• DESCRIPTION OF THE TASK: Return the records from the first line through the line containing "Met de hand", and leave out the pictures.

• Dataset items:
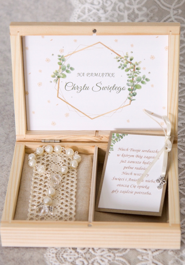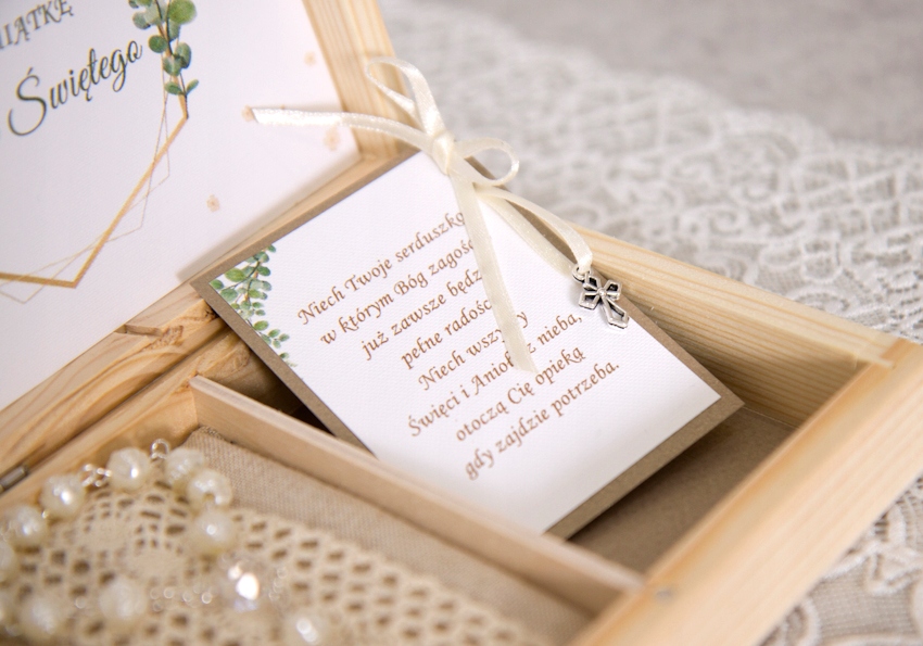 В коробці містяться побажання з невеликим декоративним хрестиком і невеликою вервицею.
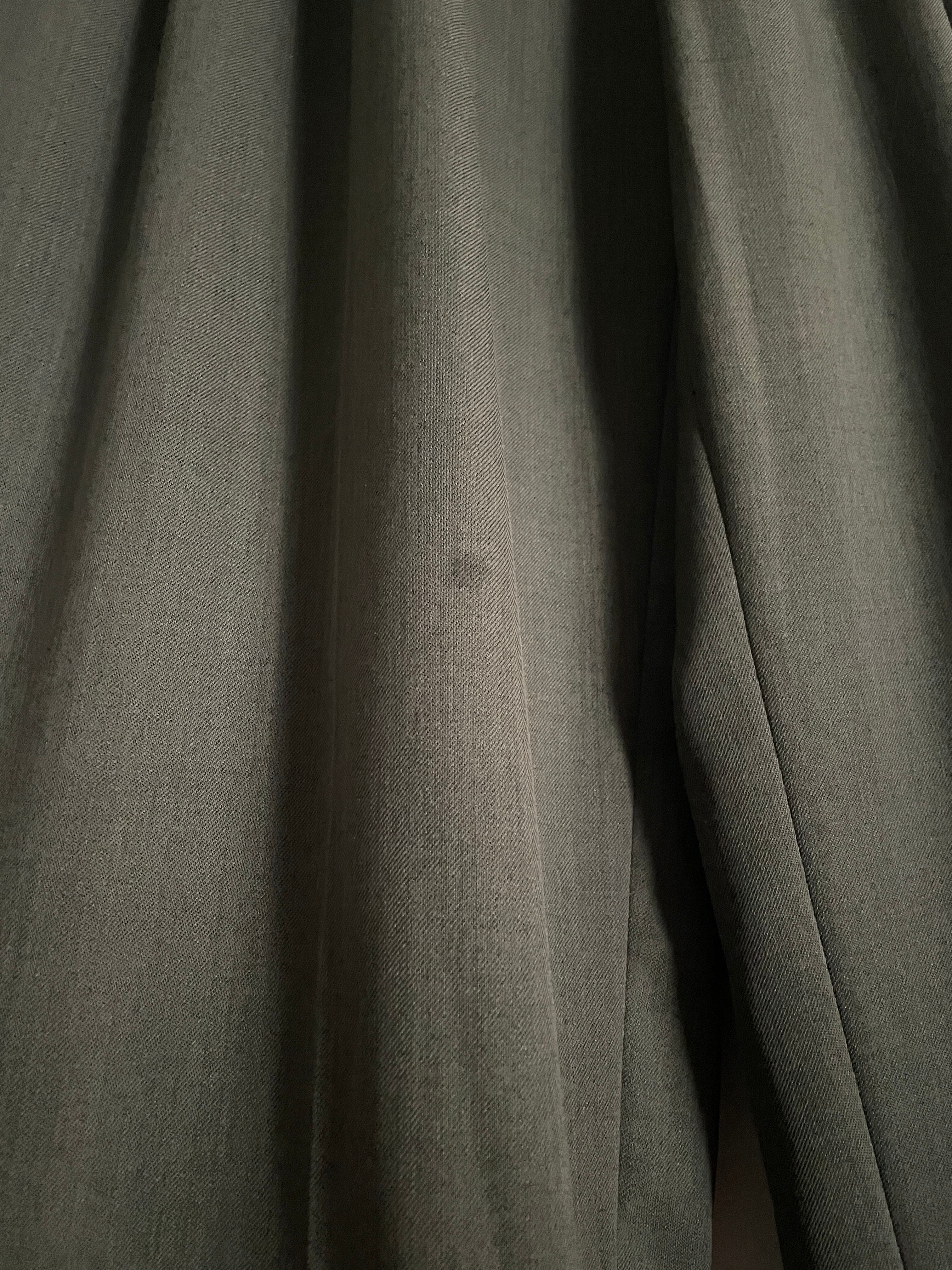 カーキに近いグレーカラーで、2タックの入った綺麗なワイドシルエットが魅力的なスラックス。サラッとしたポリとウールの混合素材。まさに今の時期にぴったりのスラックスです。様々なトップスとの相性が良く、一本は持っておきたいアイテムです。
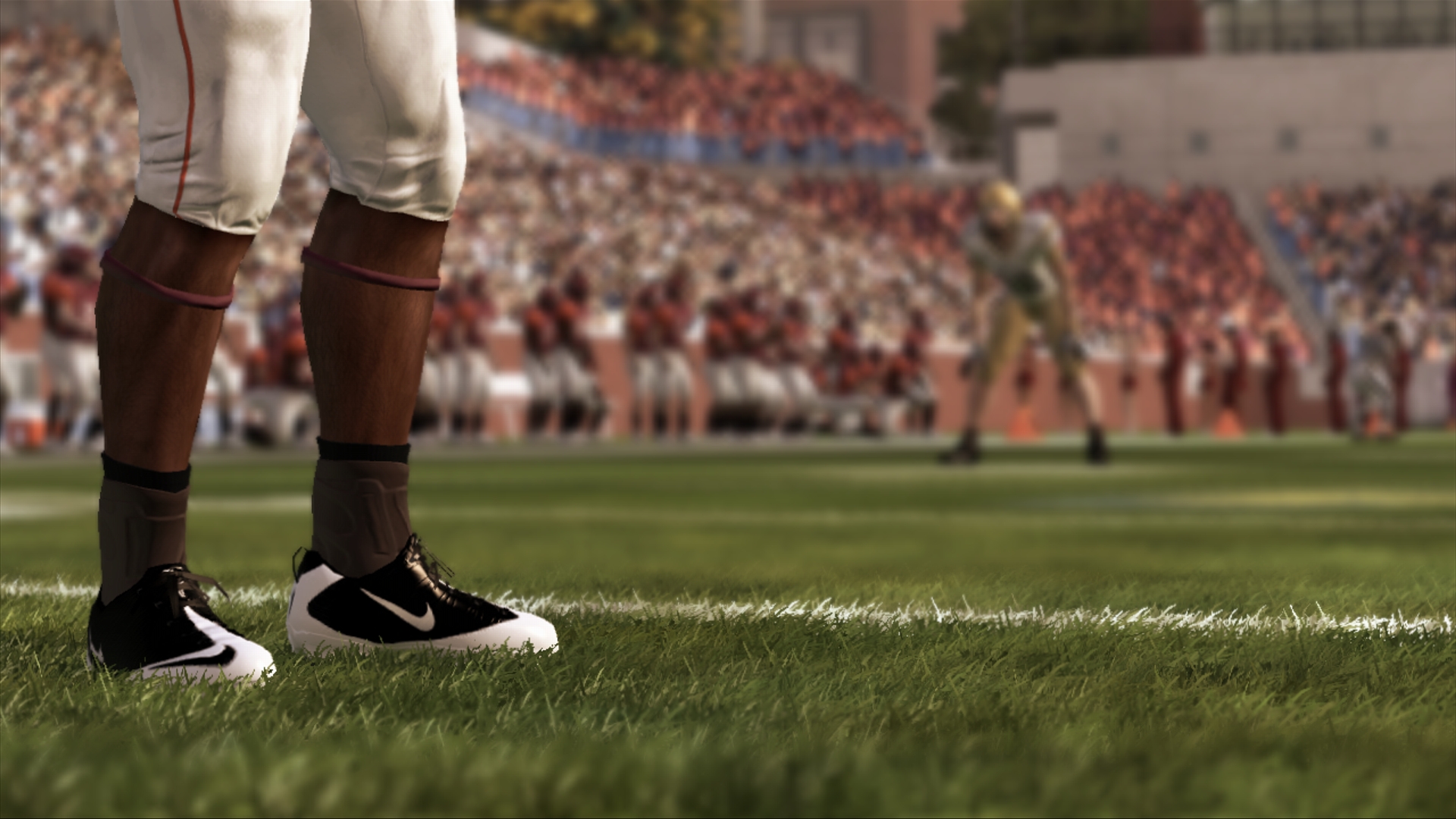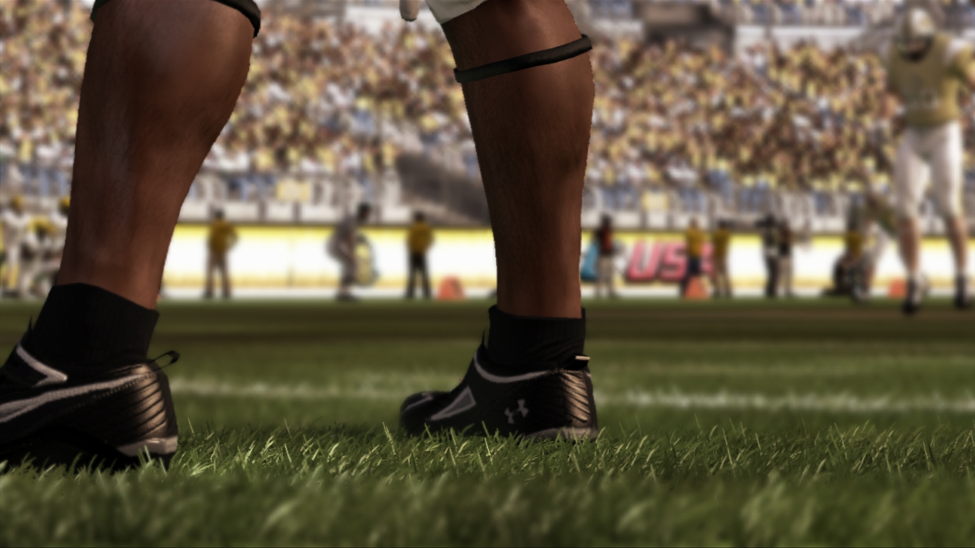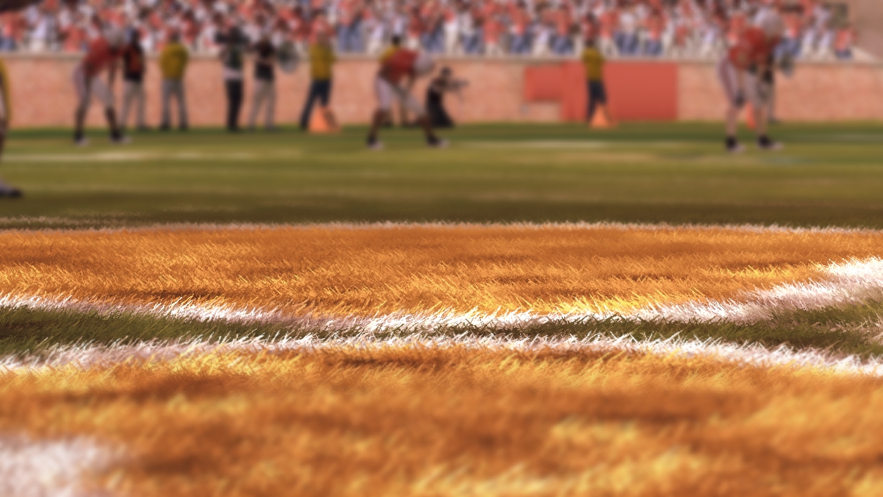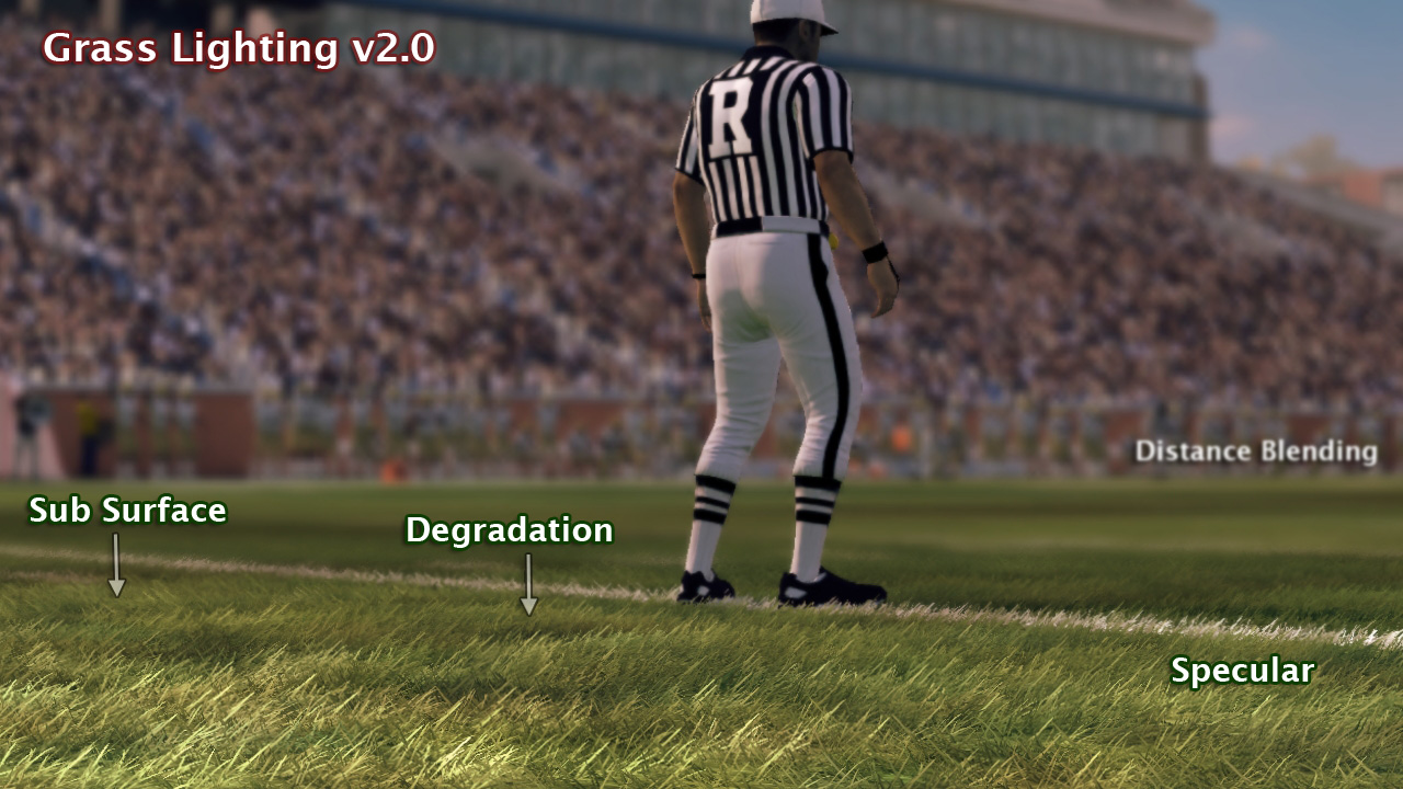 In NCAA 13, our art director wanted to add close up low angle shots to the game. Doing this required creating a system to render photo realistic grass. I developed a procedural algorithm to generate camera-centric grass geometry at runtime. This produced believable occlusions at grazing angles. I also wrote an optimized shader to approximate realistic lighting taking into account blade translucency, bounce lighting, field degradation, paint lines, and weather. The entire system had a rendering budget of only 15ms.
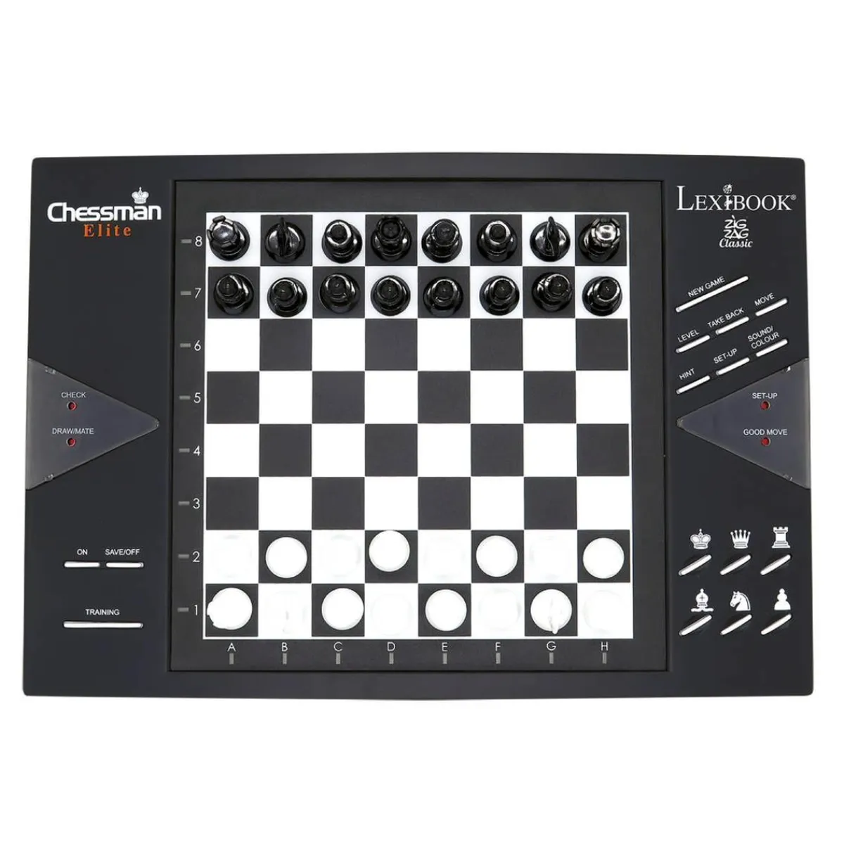 También cuenta con un modo de mejora que le indica al jugador si el tiro que acaba de realizar es óptimo o no y le permite volver a jugar. Con este juego de ajedrez electrónico, tú o tu hijo pueden jugar contra un oponente o en solitario.
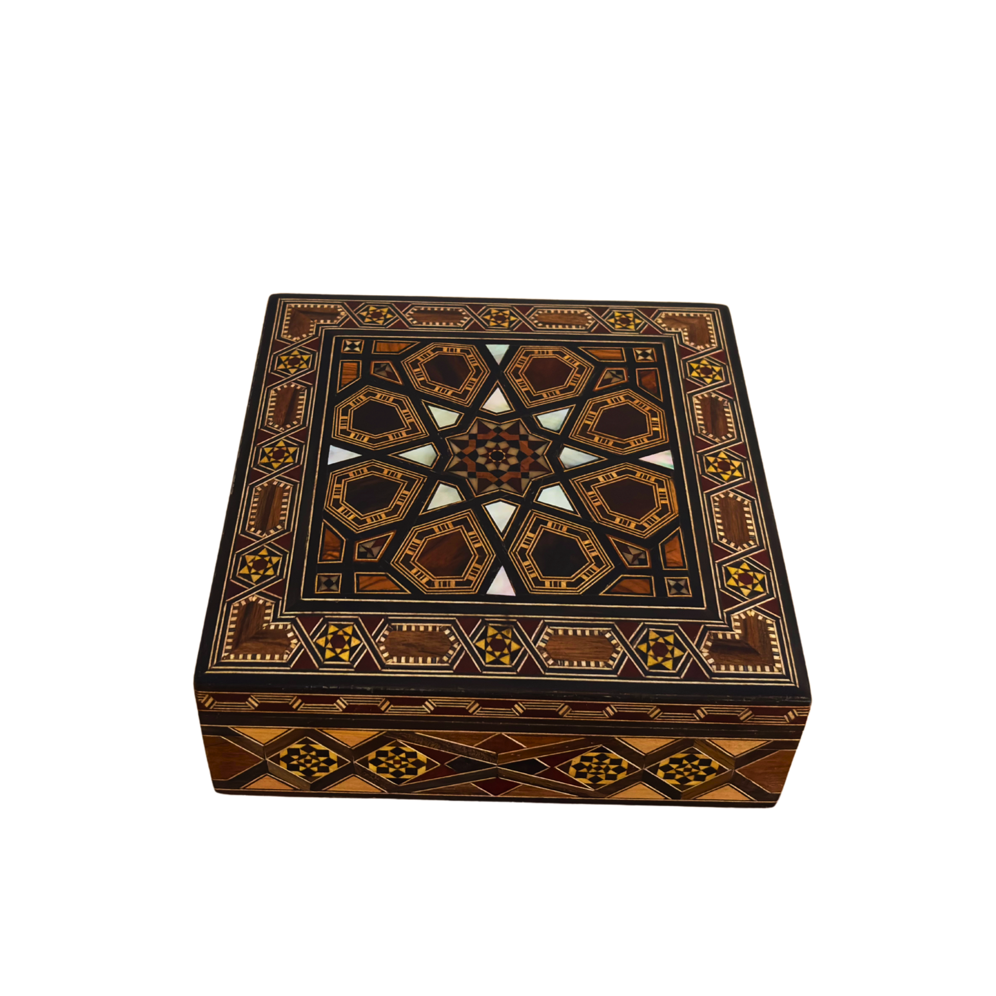 Met de hand vervaardigd uit walnoot-, rozen-, eucalyptus-, beuken- en citroenhout, en ingelegd met authentiek parelmoer, is deze doos een toonbeeld van Syrische kunst.
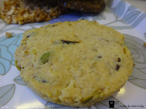 手工乾果燕麥脆餅,是以蔓越莓乾做為基礎味道的來源,再加上高纖維的燕麥增加香氣與口感,
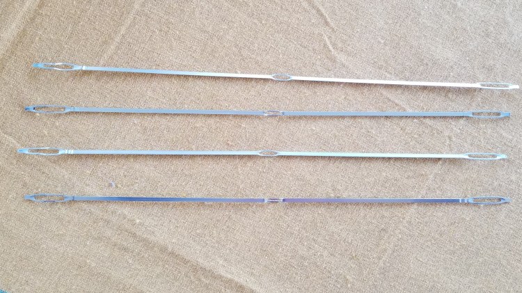My loom was also missing some of the heddles, the wires attached to the harnesses that warp yarns are threaded through to make patterns. A new loom like mine comes with 600 heddles, or 150 for each of the four harnesses. My loom had 370 total heddles which were not distributed evenly across the harnesses. When we were on vacation in Tennessee last fall I bought a hand woven towel that I want to reproduce at home. I would need 400 heddles to make a towel of the same density, with 100 on each harness. In talking to Torri at Tangles to Treasures about options for buying additional heddles, she remembered that she had some stashed away in a storage area. It turned out she had the actual missing heddles from my loom that a previous owner had removed. They were in a compact bundle that did not look like enough, but it turned out there were exactly the right number to end up with a total of 600, plus four extra.

• FINISHED TASK:
 В коробці містяться побажання з невеликим декоративним хрестиком і невеликою вервицею.
 カーキに近いグレーカラーで、2タックの入った綺麗なワイドシルエットが魅力的なスラックス。サラッとしたポリとウールの混合素材。まさに今の時期にぴったりのスラックスです。様々なトップスとの相性が良く、一本は持っておきたいアイテムです。
 In NCAA 13, our art director wanted to add close up low angle shots to the game. Doing this required creating a system to render photo realistic grass. I developed a procedural algorithm to generate camera-centric grass geometry at runtime. This produced believable occlusions at grazing angles. I also wrote an optimized shader to approximate realistic lighting taking into account blade translucency, bounce lighting, field degradation, paint lines, and weather. The entire system had a rendering budget of only 15ms.
 También cuenta con un modo de mejora que le indica al jugador si el tiro que acaba de realizar es óptimo o no y le permite volver a jugar. Con este juego de ajedrez electrónico, tú o tu hijo pueden jugar contra un oponente o en solitario.
 Met de hand vervaardigd uit walnoot-, rozen-, eucalyptus-, beuken- en citroenhout, en ingelegd met authentiek parelmoer, is deze doos een toonbeeld van Syrische kunst.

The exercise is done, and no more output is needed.